Database Performance Troubleshooting -- Slow Queries, Connection Pooling & Indexing
Database performance degradation hits applications hard -- slow queries, exhausted connection pools, and replication lag turn fast APIs into unusable services -- this guide shows you how to diagnose, optimize, and prevent these issues in MySQL and PostgreSQL.
What You'll Learn
Why It Matters
A single slow query can block hundreds of others, cascade across services, and trigger downtime alerts at 3 AM. Knowing how to identify the bottleneck using query analysis, system metrics, and tuning parameters is essential for any backend developer or DBA.
Real-World Use
When your API response time jumps from 50ms to 5 seconds, your application reports "too many connections", or your read replicas fall minutes behind the primary during peak traffic, these optimization techniques restore performance.

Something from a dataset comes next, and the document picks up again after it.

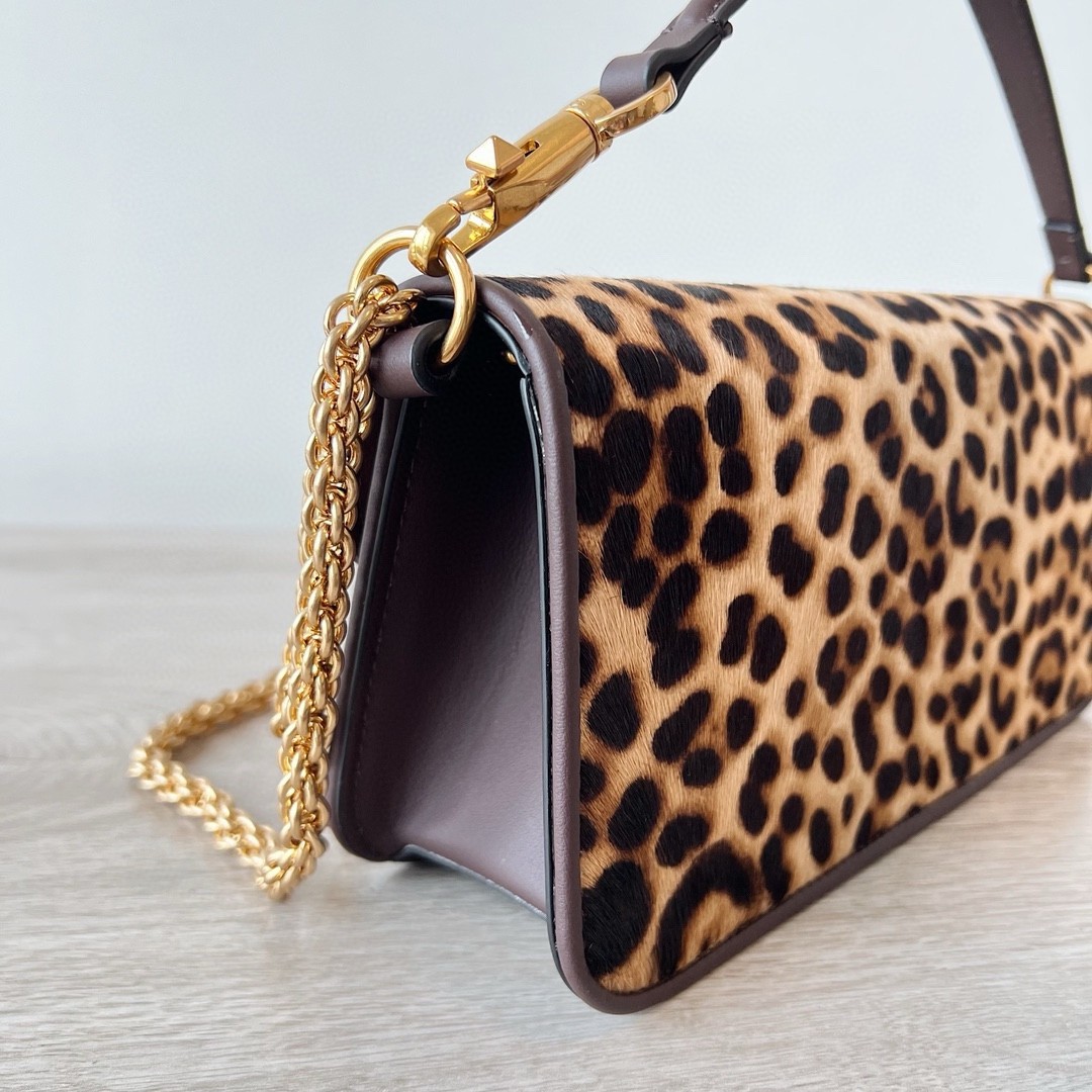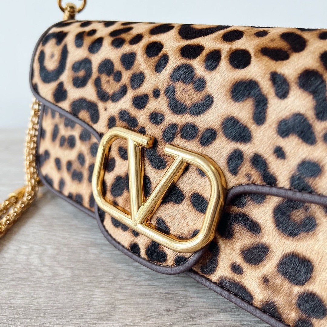 - Pony-effect calfskin leather with Animalier print and VLogo Signature metallic detail.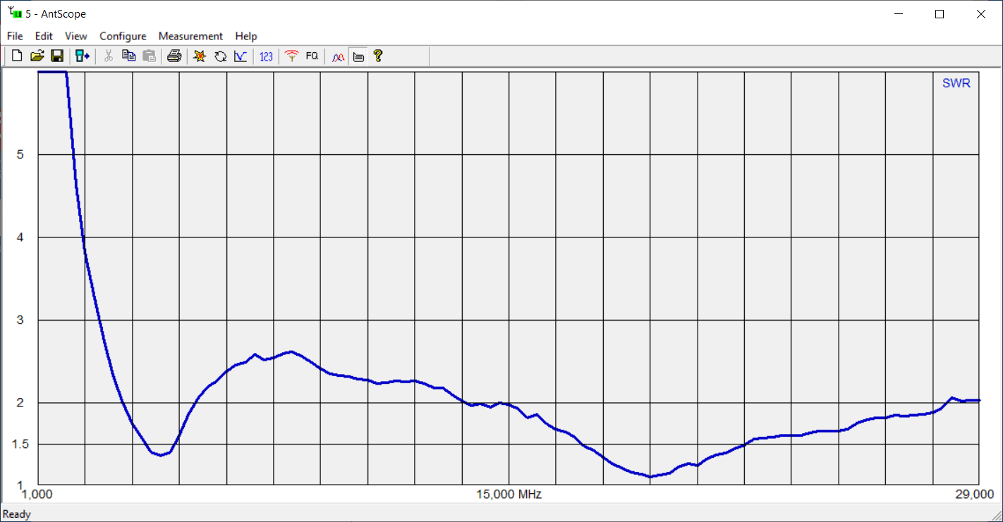 Finální měření VSWR na konektoru u TCVRu (bez tuneru)

Common Database Performance Issues Table
| Issue | Symptom | Cause | Diagnostic Tool |
|---|---|---|---|
| Slow query | High response time, CPU spike | Missing index, bad join, full table scan | EXPLAIN ANALYZE, slow query log |
| Connection pool exhaustion | "Too many connections" error | Connections not released, pool too small | SHOW PROCESSLIST, pg_stat_activity |
| Lock contention | Queries stuck in "Waiting" | Long-running transaction holding locks | SHOW ENGINE INNODB STATUS, pg_locks |
| Replication lag | Replica behind by minutes | Large write volume, slow replica CPU | SHOW SLAVE STATUS, pg_stat_Replication |
| Table bloat | Table size much larger than data | Dead tuples (PostgreSQL) or fragmented pages (MySQL) | VACUUM VERBOSE, OPTIMIZE TABLE |
| Buffer pool miss | High disk I/O, slow reads | InnoDB buffer pool too small | SHOW ENGINE INNODB STATUS buffer stats |
Step-by-Step Fixes
Fix 1: Find and Fix Slow Queries
-- MySQL: Enable slow query log
SET GLOBAL slow_query_log = ON;
SET GLOBAL long_query_time = 1;
-- Find top queries by total execution time
SELECT * FROM sys.statement_analysis
ORDER BY total_latency DESC
LIMIT 5;
-- Analyze query execution plan
EXPLAIN ANALYZE
SELECT o.id, o.total, c.name
FROM orders o
JOIN customers c ON o.customer_id = c.id
WHERE o.created_at > '2026-01-01'
ORDER BY o.total DESC;
-- Add a composite index to speed it up
CREATE INDEX idx_orders_created_total
ON orders(created_at, total DESC);
Expected output:
+----+-------------+-------+------------+------+---------------+------+---------+------+------+----------+----------------+
| id | select_type | table | partitions | type | possible_keys | key | rows | filtered | Extra |
+----+-------------+-------+------------+------+---------------+------+---------+------+----------+----------------+
| 1 | SIMPLE | orders| NULL | ALL | NULL | NULL | 500000 | 33.33 | Using where |
+----+-------------+-------+------------+------+---------------+------+---------+------+----------+----------------+
Fix 2: Resolve Connection Pool Exhaustion
# MySQL: Check current connections
mysql -e "SHOW STATUS LIKE 'Threads_connected';"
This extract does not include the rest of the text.